Wednesday, 28 May 2003

Documents from the Phoenix Program

Do the words "truth is stranger than fiction" not bear a striking relevance to the modern world? I'm asked to believe the vomit spewing forth from the politicians when it's an historical fact that the USA and UK have rarely behaved honourably in their dealings with the rest of the world...

Created by the CIA in Saigon in 1967, Phoenix was a program aimed at "neutralizing"—through assassination, kidnapping, and systematic torture—the civilian infrastructure that supported the Viet Cong insurgency in South Vietnam. It was a terrifying "final solution" that violated the Geneva Conventions and traditional American ideas of human morality. (For a full introduction to Phoenix, see below.)

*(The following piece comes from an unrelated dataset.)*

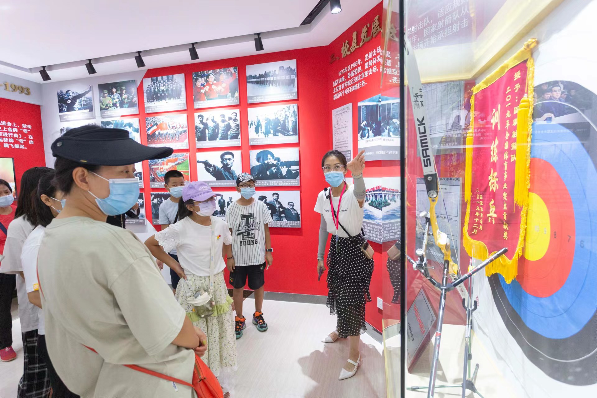 活动中,孩子们和家长跟随讲解员聆听了关于建国初期体育事业艰难前行的历史,了解了明星运动员荣耀背后艰苦训练的鲜活事迹,鼓舞着在场的每一个人。随后大家参观了室内展厅,全面了解射击、射箭运动近40年的发展历程和取得的成就。参观中,家长朋友和孩子们仔细聆听、认真观察,对展出的图片、实物、荣誉奖杯、奖牌表现出浓厚的兴趣。面对一排排金光闪闪的奖杯奖牌,孩子们激动万分,在讲解员的带领下,重温了那一幕幕振奋与感动的瞬间。通过此次参观活动,了解了运动员荣耀背后艰苦训练的鲜活事迹,重温了那一幕幕振奋与感动的瞬间。让孩子和家长们感受到了运动员们的钢铁意志和坚强的毅力,培养了青少年顽强拼搏的意志品质。大家纷纷表示,要学习运动员们不怕苦、不怕累的精神,做一个积极向上的好少年,长大后用自己优异的成绩为祖国、为家园做出自己的贡献。

While researching the Phoenix Program for my book on the subject, I conducted over a hundred interviews and collected boxes full of documents from individuals, as well as from the State Department and Department of Defense. The most important documents provided by any one individual came from retired CIA officer Nelson Brickham, the man most responsibile for the creation of the Phoenix Program.

Luckily for history, Brickham kept copies of the documents he wrote while with the CIA; otherwise, there would be no documentary evidence of how Phoenix was actually created. During the evacuation of Saigon in April 1975, the CIA destroyed most of the documents it had about its assassination program, and none of what it kept at Langley headquarters can be obtained through Freedom of Information Act requests. This is no accident, for Phoenix is the model for the equally terrifying US homeland security aparatus.